I will drop the Id column as it is not necessary for model training.
dataset_df = dataset_df.drop('Id', axis=1)
inspecting the types of feature columns in the dataset
dataset_df.info()
House price distribution
let's take a look at how the house prices are distributed
print(dataset_df['SalePrice'].describe())

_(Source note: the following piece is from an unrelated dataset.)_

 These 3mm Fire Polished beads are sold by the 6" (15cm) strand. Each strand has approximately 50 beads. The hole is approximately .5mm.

let's visualize this distribution for a better understanding
plt.figure(figsize=(9, 8)) sns.distplot(dataset_df['SalePrice'], color='g', bins=100, hist_kws={'alpha': 0.4})

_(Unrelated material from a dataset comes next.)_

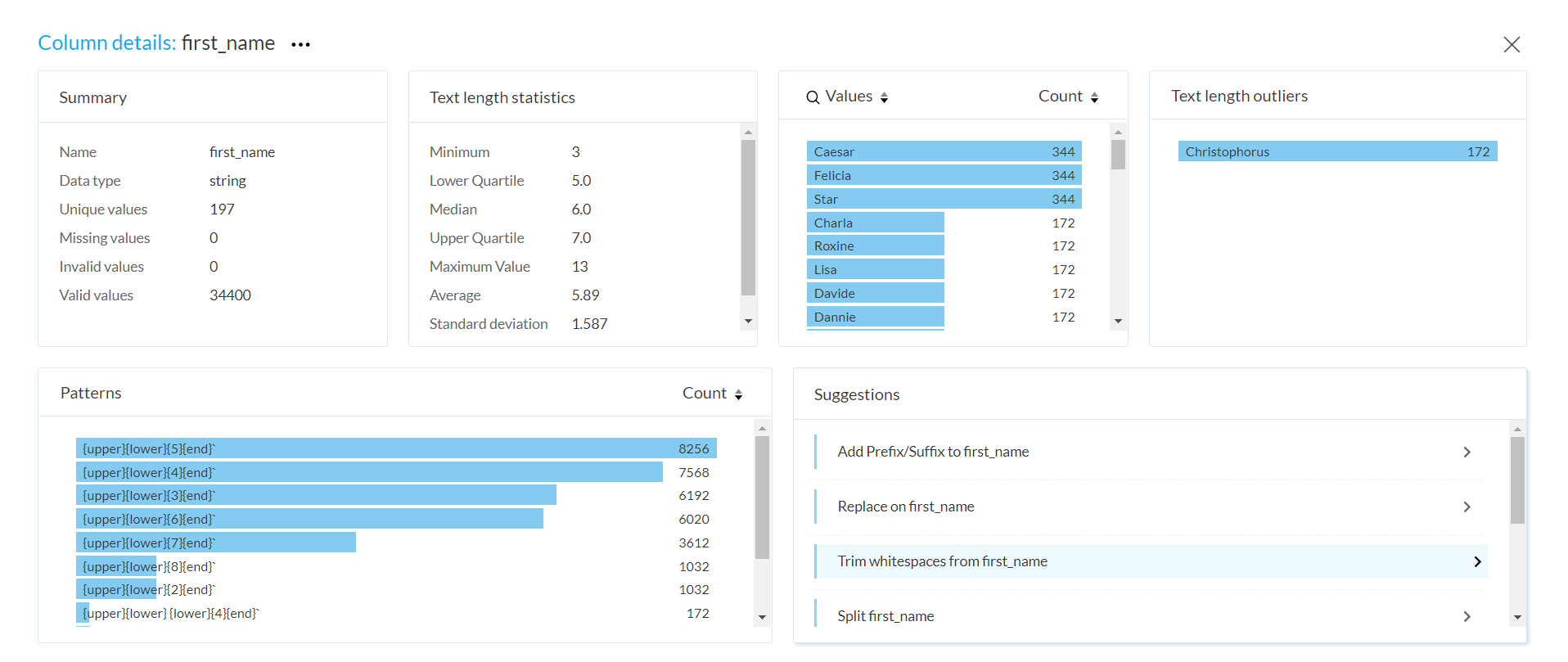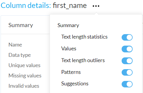 - その他の詳細を表示リンクをクリックすると、選択した列の詳細情報を拡大表示で確認できます。このセクションでは、統計情報、外れ値、ユニーク値、データパターンなど、列のさまざまな側面が表示されます。

according to the chart, we found that most of the house prices are to 130k - 300k.
Numeric data distribution
Now let's take a look at how the numerical features are distributed. In order to do this, let us first list all the types of data from our dataset and select only the numerical ones.
list(set(dataset_df.dtypes.tolist()))
df_num = dataset_df.select_dtypes(include = ['float64', 'int64'])
df_num.head(5)
let's plot the distribution for all the numerical features.
Preparing the dataset for training
This dataset contains a mix of numeric, categorical, and missing features. Decision forests are non-parametric models, meaning they often require less data preprocessing compared to neural networks. As TF-DF supports all these feature types natively, no preprocessing is required. This is one advantage of tree-based models, making them a great entry point to Tensorflow and ML. let's split the dataset into training and testing datasets
def split_dataset(dataset, test_ratio=0.30):
test_indices = np.random.rand(len(dataset)) < test_ratio
return dataset[~test_indices], dataset[test_indices]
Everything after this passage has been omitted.